PRESIDENT OBAMA'S LATEST AMBUSH of Prime Minister Netanyahu is of a piece with other recent acts of hostility to Israel, both big and small. The percentage of tourist visa requests denied Israelis in 2013 was 9.7% compared to just 2.5% in 2007, the last year of the Bush presidency, and hundreds of requests for visas from members of the Israeli security forces, many of whom have been regular visitors to the United States over a period of years, have been denied. (Meanwhile, the State Department announced this week that it will consider waivers on a case-by-case basis for Syrian refugees who have materially aided terrorist organizations.)
Obama's 2015 fiscal year budget proposal cuts funding for the joint American-Israeli Arrow I, Arrow II and David Slingshot missile defense systems by $200,000,000, or more than two-thirds, and does not renew funding for the Iron Dome missile defense, which just last week shot down five rockets fired at Israel. Given the 80,000 or so missiles in Hezbollah's possession and Iran's ongoing work on missiles capable of delivering a nuclear warhead on Israel, such missile defense is crucial to Israel's survival.
Just last week, Israel interdicted hundreds of longer range rockets being shipped from Iran to Hamas. White House press secretary Jay Carney, however, pointedly refused to see any relevance of the Israeli capture for ongoing nuclear negotiations with Iran or for Israel's missile defense needs.
Those needs are multiplied exponentially now, as it has become clear that the United States will do nothing to prevent Iran from achieving nuclear breakout capacity.
But from the point of view of the misnomered "peace process," nothing comes close to Sunday's statement by State Department spokesperson Jen Psaki that the United States no longer views it as necessary that the Palestinian Authority recognize Israel as a Jewish state "[even] as part of the final agreement." That is an explicit reversal of Secretary of State Kerry's position until now, and shows how far the administration is prepared to accept every Palestinian no in its desperation to proceed. More important, it is an assurance that this administration can never achieve a binding and final peace agreement because it will never require of Abbas or his successor renunciation of the Islamic view of the irrevocable nature of Islamic sovereignty over the entirety of Israel
AS WE HAVE NOTED BEFORE, there is one happy consequence of the open hostility towards Israel of President Obama.
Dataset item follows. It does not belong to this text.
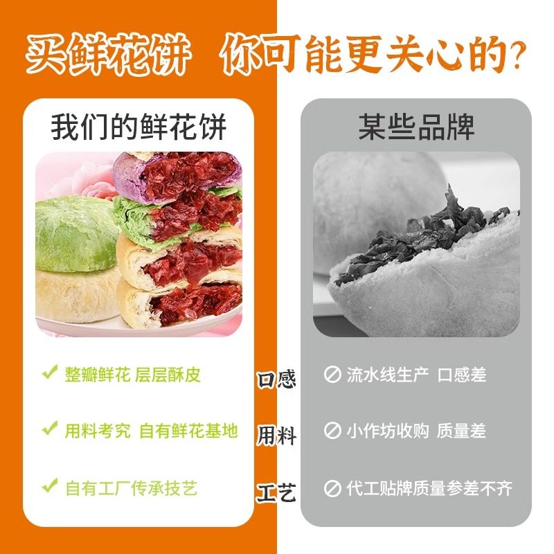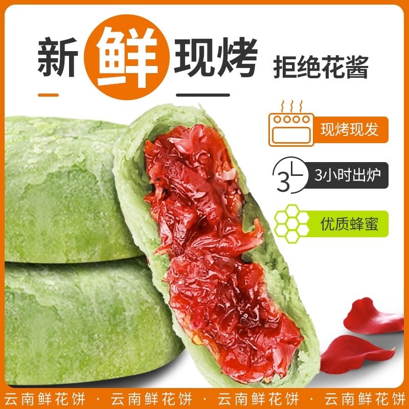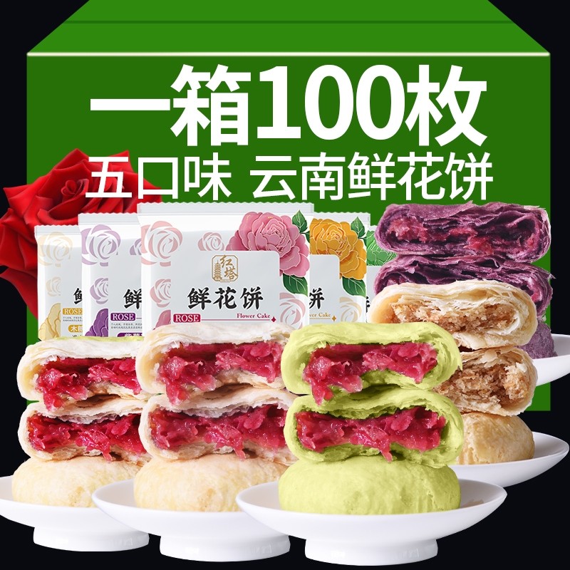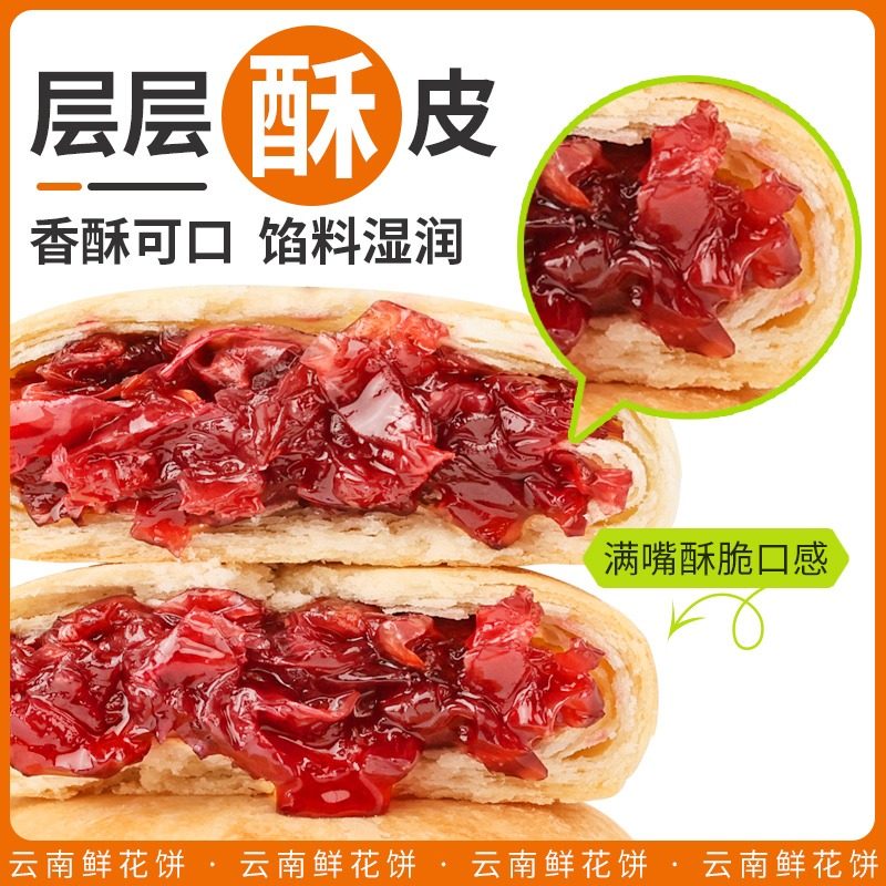 100玫红塔鲜花饼云南特产玫瑰花饼木糖醇现烤早餐零食解馋糕点心

As Daniel Pipes points out, under friendly presidents whom Israel trusts to "have its back," Israel has often made dangerous concessions to the Palestinians. That temptation has now been removed.
While Prime Minister Netanyahu would be delighted to find a way to rid Israel of the responsibility of exercising any form of authority over millions of Palestinians, he will not do so at the cost of putting the existence of the state of Israel in peril. And President Obama has given him no cause not to think that is what he would be doing.